Mean Beighton score (±S.D.) was 2.25 (2.5) in the PANS group, 2.33 (2.1) in psychiatric controls, and 2.09 (2.1) in healthy controls (n.s. between groups). Eleven participants reached a BSS score of ≥6 (n.s.). Pairwise Mann-Whitney tests between the PANS group and the two control groups were likewise non-significant.

We found no significant correlations in the collapsed PANS and psychiatric control group between number of comorbid psychiatric diagnoses, and the Beighton score (Spearman's rho = −0.25; p = 0.84) (see Figure 2).


Figure 2. Individual Beighton scores of all participants.


The primary aim of this study was to determine if GJH is associated with PANS, in line with the association reported between POTS and GJH (23, 24). In our small sample of individuals with PANS we could not find any such association, nor could we find an overrepresentation of GJH among controls with mental disorder compared to a healthy control group. However, due to the small sample the results must be considered as preliminary.

Fourteen percent among the healthy controls were classified as hypermobile, which is slightly higher compared to other studies using the same BSS cut-off score (12, 20) and considerably higher than was reported in an exceptionally large study of British adolescents (1). However, Reuter and Fichthorn studied 416 American Caucasian white college students and reported 11.5% to be hypermobile (20). In a recent Swedish study on 417 adults, recruited from the normal population, 11% of the women, and 4.7% of the men were found to be hypermobile (12). Considering the low age in our sample compared to forementioned studies, a higher rate of GJH can be expected.

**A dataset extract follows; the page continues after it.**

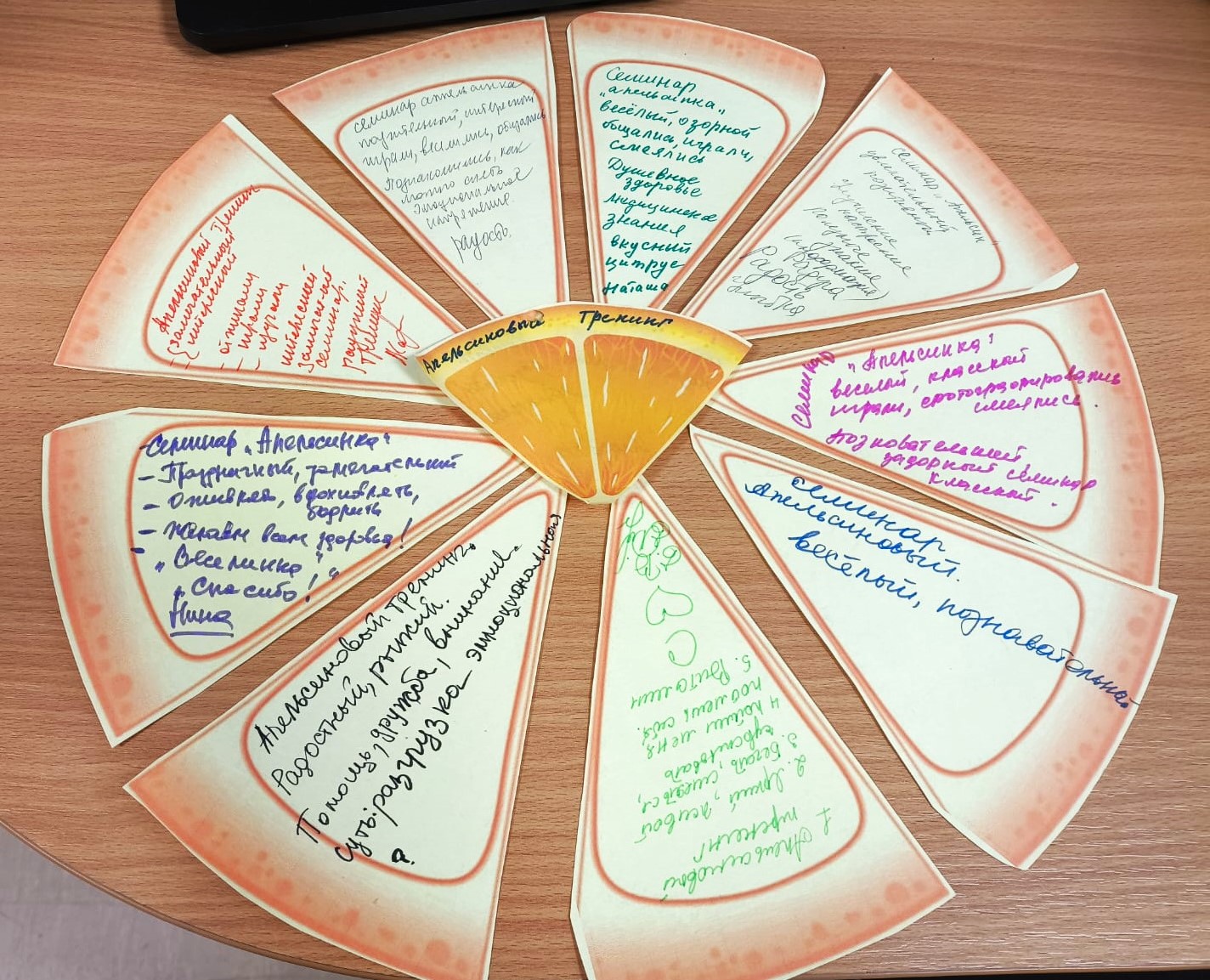 Почему «апельсиновый»? Потому что апельсиновый – это значит нестандартный, праздничный, нескучный, оранжевый, энергичный! И по структуре апельсин напоминает тренинговую группу: в целом фрукт – это совокупность долек, каждая по-своему хороша и вкусна, но только все вместе – это апельсин!

Notably, although joint hypermobility was similar among our three groups, the only two participants that scored 8 and 9 on the BSS belonged to the PANS group. This suggests that in a large sample of individuals with PANS a subpopulation with GJH may exist.

Our secondary aim was to investigate if multiple psychiatric comorbidities are associated with GJH which was not the case in this study. The comorbidity rate among the PANS group and the psychiatric controls was nevertheless high compared to what is generally reported in the literature. This may partly be explained by the fact that we applied an extension, consisting of childhood onset psychiatric diagnoses included in the MINI-KID, in both children and adults in the present study. Although MINI-KID is more comprehensive than the M.I.N.I., important psychiatric diagnoses such as Hoarding disorder and Body Dysmorphic Disorder are not included in neither of them, thus we may have missed additional comorbidities. Another possible reason for the high comorbidity rate was the recruitment base. We recruited participants from psychiatric clinics where people with severe forms of mental disorders are patients. People with less severe forms of psychiatric disorders are generally handled by general practitioners in Sweden, which was not our target group. Since the severity of a psychiatric disorder is known to be highly correlated with multiple comorbidities, this was an expected finding of our study. Possibly, individuals with mild forms or psychiatric disorders present other rates of GJH than our participants did. However, to this end, less than a handful psychiatric conditions are shown to be specifically associated to GJH.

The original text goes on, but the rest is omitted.